Defensive resentment against a fate she did not understand mounted in Sayre. She greeted her father with casual pleasantness, entirely ignoring his obvious mood. She waited until he was completely seated, then turned on the ignition, pushed in the clutch, threw the car into gear, and started the ‘Shake on its chugging journey with unusual deliberation. And she refused to give it anything approaching speed until it had sputtered its way down the entire length of Upham’s business street to the first residential corner.
“Well, Dad?” At last she had turned to her silent father. Her words were inquiry, sympathy and protest, all in one.
His answer was simple, disheartening fact. “I’ve lost my position.”
Sayre did not dare to reply until she had control of her impulsiveness. “Why?” she managed at last.
“He says because he can’t afford to keep so much help any longer. That he’s got to manage with a clerk or two less.”
“Is that the truth?”
“True enough, I guess, considering the situation. But turning off Charley’s dad was easy, even rather pleasant. I’ve always been afraid that the trouble between those two boys would affect my position. And now I can’t blame Mr. Hoskins. I certainly can’t blame him.”
Her father’s acquiescent dejection suddenly angered Sayre. She threw overboard all attempt to control her impulsiveness. “Well, I certainly can. I call it downright petty spitefulness. After you’ve done more than twice the work he’s paid you for all these months. And held him trade that he would certainly have lost after the water users’ meeting, if you hadn’t been his clerk. I hope he loses it good and plenty from now on.”
Her father shook his head. “I would never have thought it of Charley. It’s that that’s taken the heart out of me more than anything else.”
“Thought what of Charley?” was on the tip of Sayre’s tongue. Instead of saying it, she pressed out a raucous honk and brought the ‘Shake to an abrupt stop. For there on the corner, walking along with a brisk, set determination, was Charley, whom they had expected to meet in front of the house where Mr. Kitchell boarded.

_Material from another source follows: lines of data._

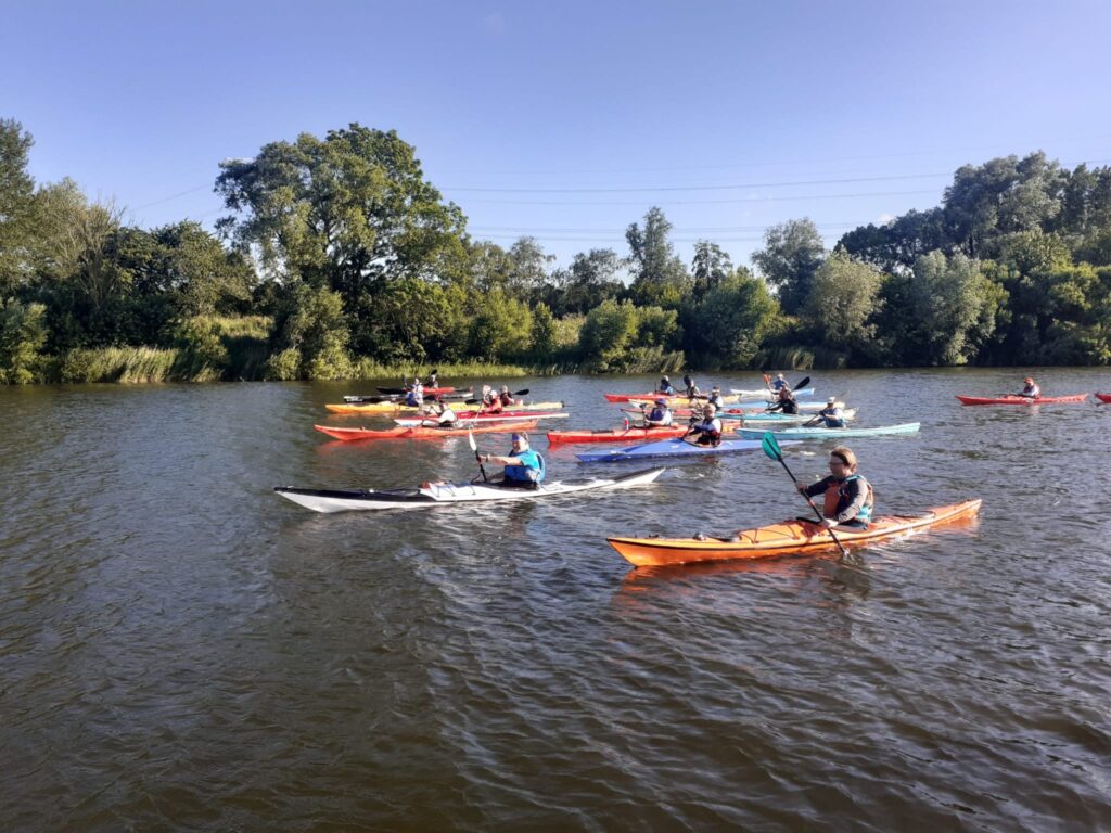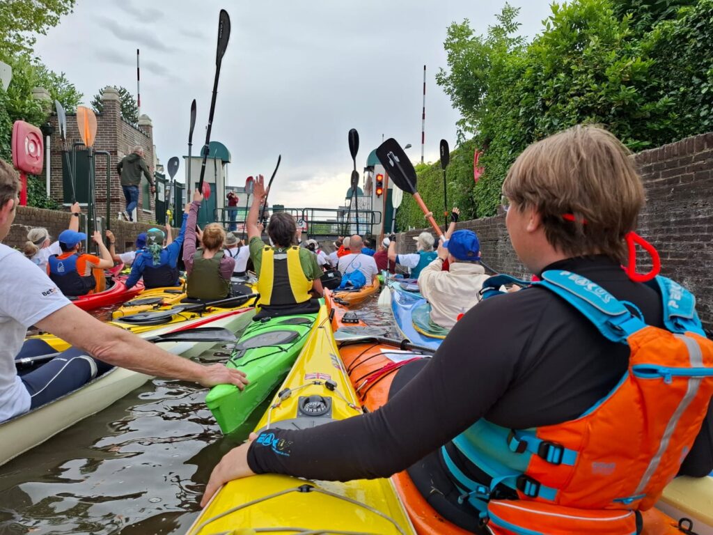 Inmiddels is iedereen ingeschreven, omgekleed en liggen er tientallen kajaks in het water. De Kooijers worden ingedeeld als voor-, tussen-, midden-, boven-, onder- en achtervaarders en aan onze gasten voorgesteld. Na de laatste stichtelijk woorden mag de vloot van tochtleider Irene uitvaren.
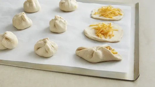 Step2For each bobber, place 1 tablespoon cheese in center of 1 round. Pull up dough around cheese, and pinch to seal. Place bobbers seam side up 2 inches apart on cookie sheet. Bake 15 to 17 minutes or until golden brown.
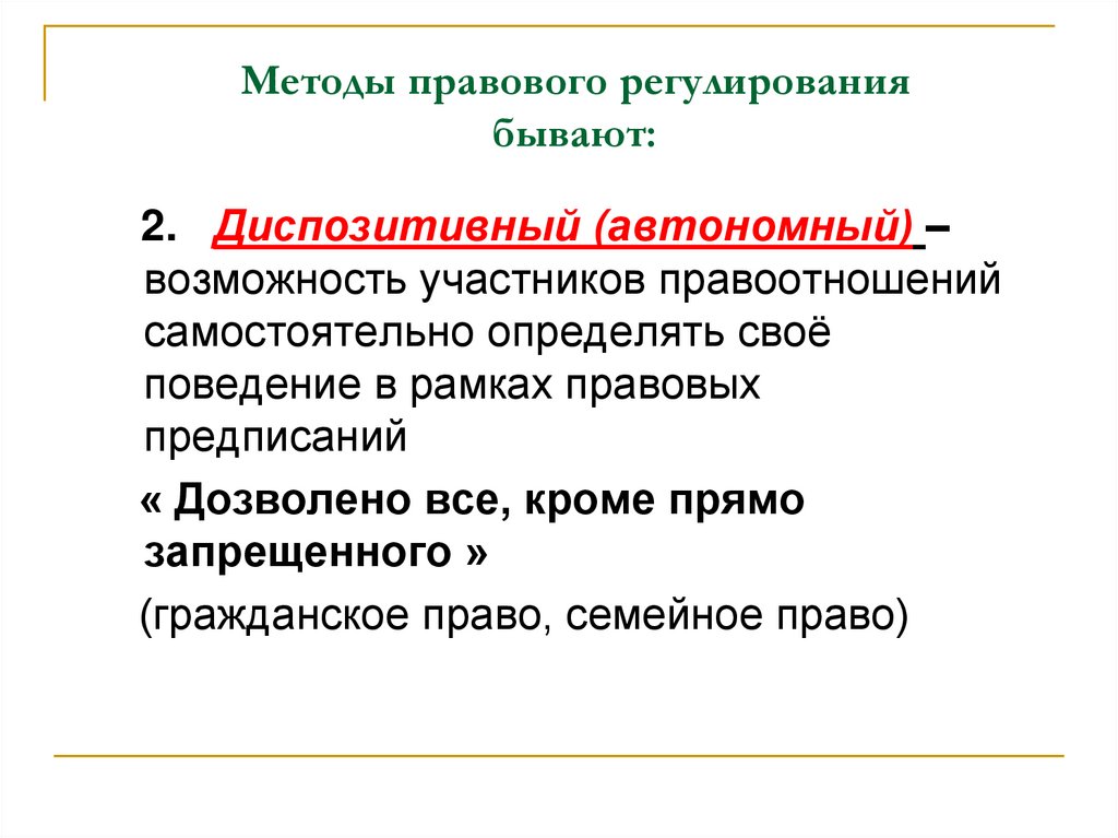 2. Диспозитивный (автономный) –возможность участников правоотношений
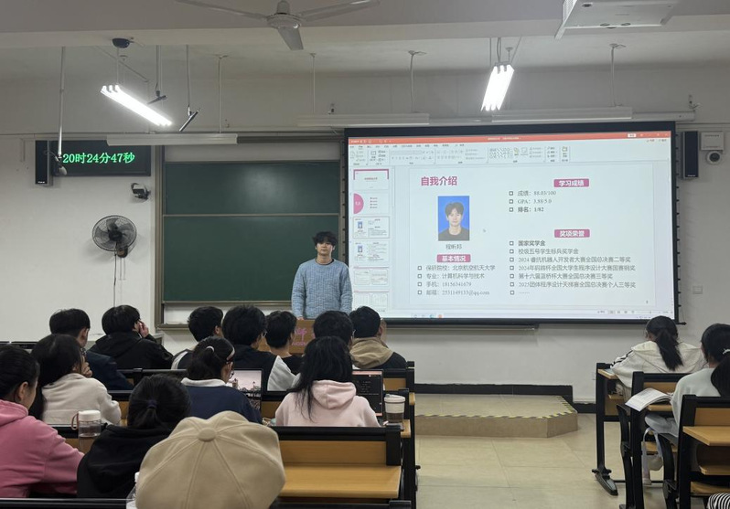 为帮助2025级新生更好地规划大学学习与未来发展方向,11月6日晚,计算机学院在理科楼306教室举办“我与优秀师兄师姐面对面”交流活动。活动特邀多位2022级已成功保研的学长学姐作为分享嘉宾,学院2025级本科生专兼职辅导员及全体新生共同参与。

“Mr. Hoskins still at the store?” the boy demanded at once of his father.
“Yes, he’s alone there. Going over the ledger before he locks up.”
“Take me there, Sayre. Fast as you can.”
Sayre obeyed, as grimly quiet now as her brother was. She knew this Charley. She had seen him twice before; first, at the fight; and then again, two weeks ago today, when the last of the baling was going on.